RBC’s report points to a buyer pool that remains hesitant. Weak economic confidence, uncertain job prospects, and affordability concerns are keeping prospective buyers on the sidelines. Inventory has shown signs of stabilizing in Ontario and British Columbia, where active listings hit decade-long highs in 2025.

“Seller competition is beginning to ease as a result in some softer markets,” Hogue wrote. He noted signs that the balance of negotiating power is steadying home values in parts of Southern Ontario, including the Greater Toronto Area.

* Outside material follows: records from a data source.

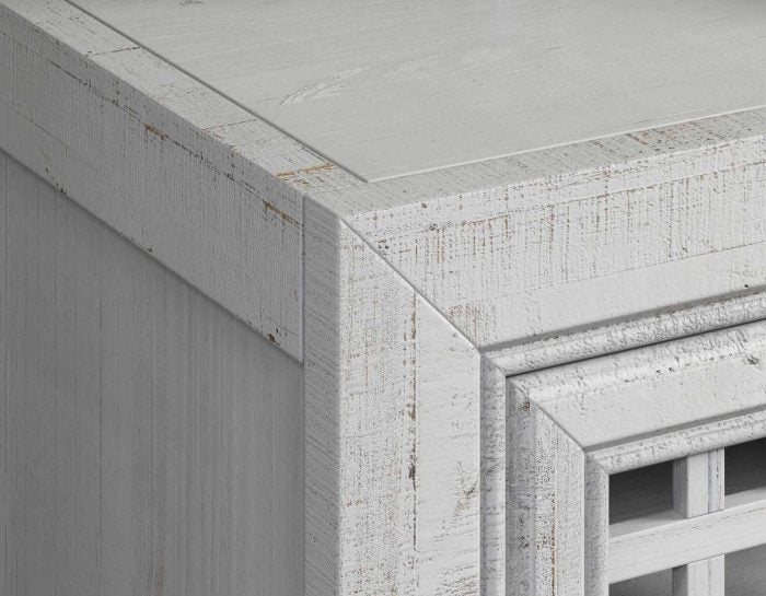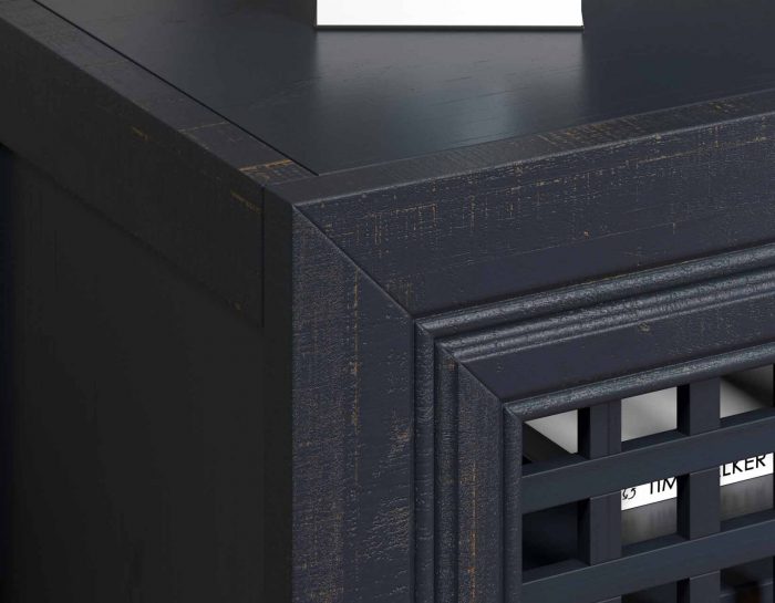 - Artisan hand-rubbed distressed finish with antique rub-through
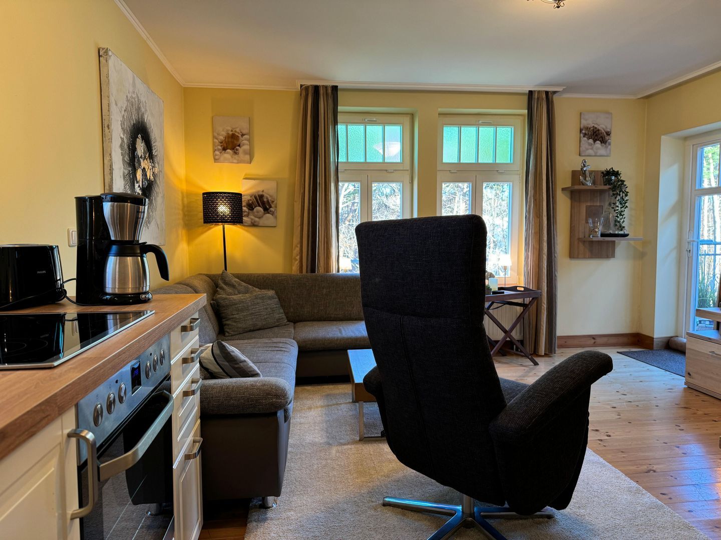 Für Abwechslung während Ihres Urlaubs sorgen im Wohnbereich eine Auswahl an Büchern, ein Flachbild-TV, ein Blu-Ray-Player und eine Stereoanlage. Lassen Sie den Tag auf dem Schlafsofa (120 x 190 cm) oder dem Schwing-Sessel mit Hocker ausklingen.
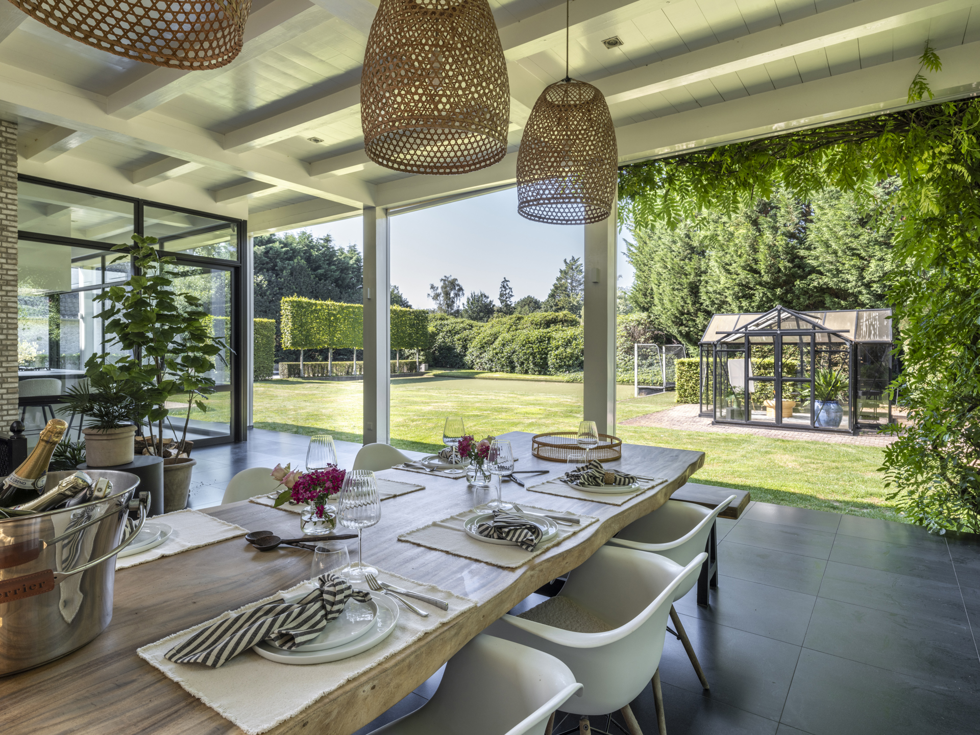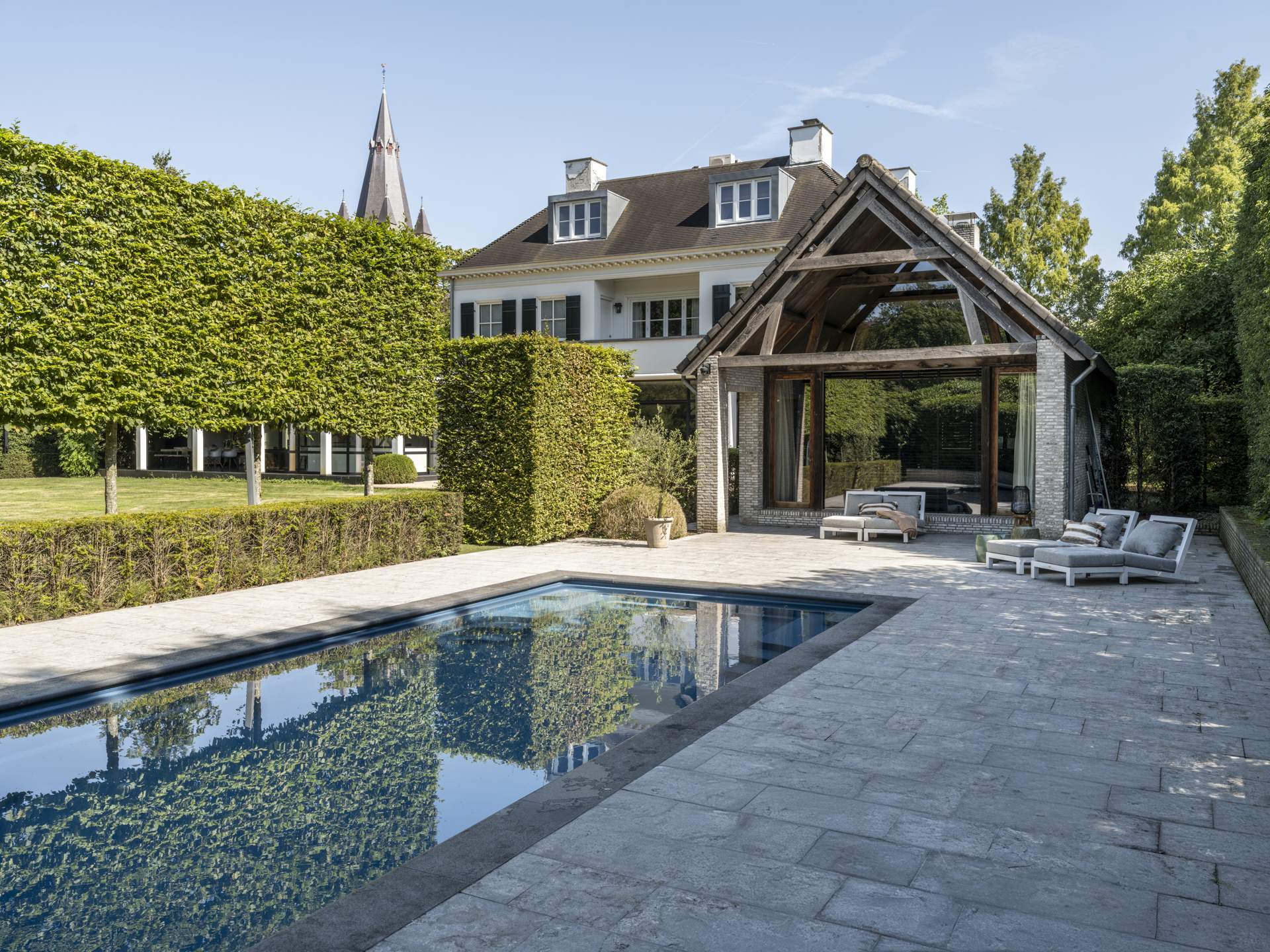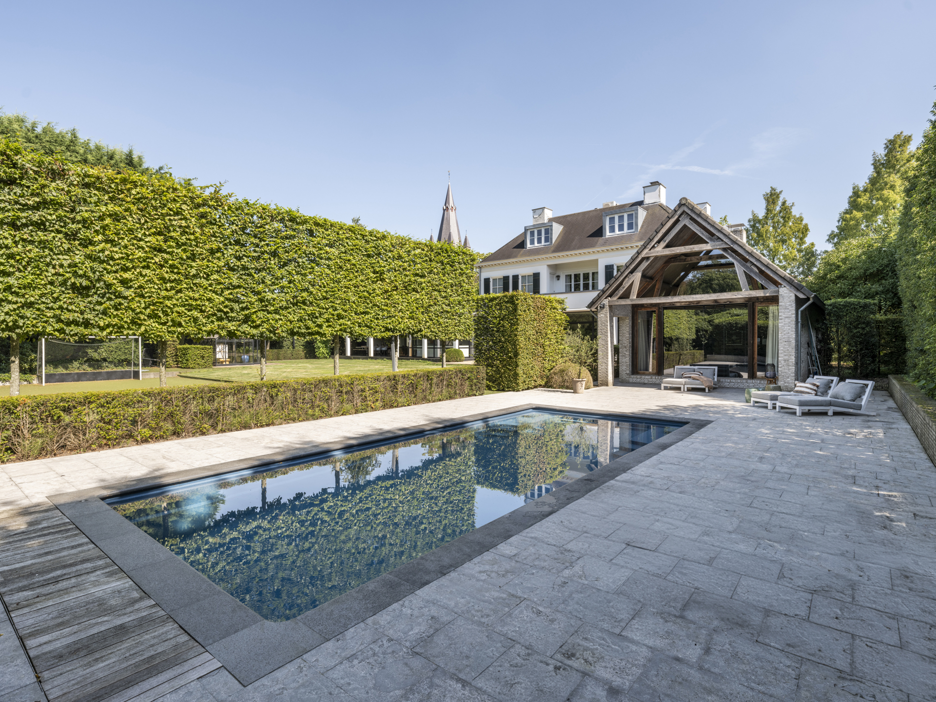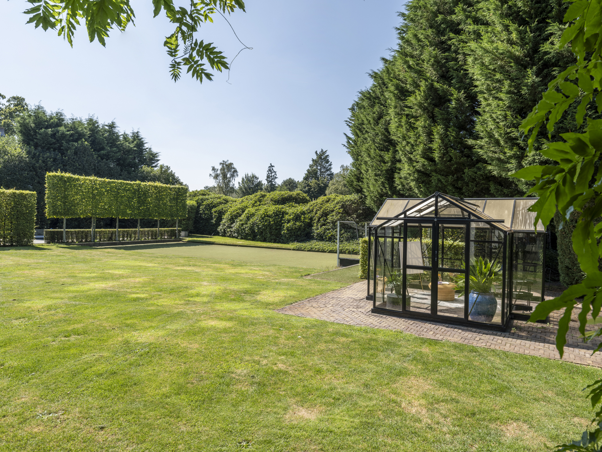 Het zwembad is door een haag ietwat aan het oog onttrokken. Vanuit de keuken bereikt u het royale overdekt terras, waar u zich in Zuid-Frankrijk waant. Beschut tegen regen ofwel hete zon kijkt u prachtig over de fraaie tuin uit, waar kinderen onder ander kunnen spelen op het kunstgras-hockeyveld.

Outside Ontario, the picture is mixed. Saskatchewan, Manitoba, Quebec, and parts of Atlantic Canada are seeing prices hold or appreciate, reflecting tighter supply-demand conditions. British Columbia is seeing pressure from both the supply and demand sides at the same time. It’s an unusual dynamic that warrants attention for clients with concentrated exposure in that market.

RBC outlined the conditions needed for a broader recovery: lower prices in some areas, improving affordability, and better job prospects gradually drawing sidelined buyers back in. But the bank also flagged meaningful downside risks, including geopolitical disruption, an energy price spike, or a deterioration in the labour market.

For advisors managing clients with real estate-heavy portfolios, understanding what drives housing starts and construction activity matters beyond the residential market itself. Construction slowdowns ripple into broader economic output, employment data, and the financial health of developers whose debt is held across fixed income portfolios.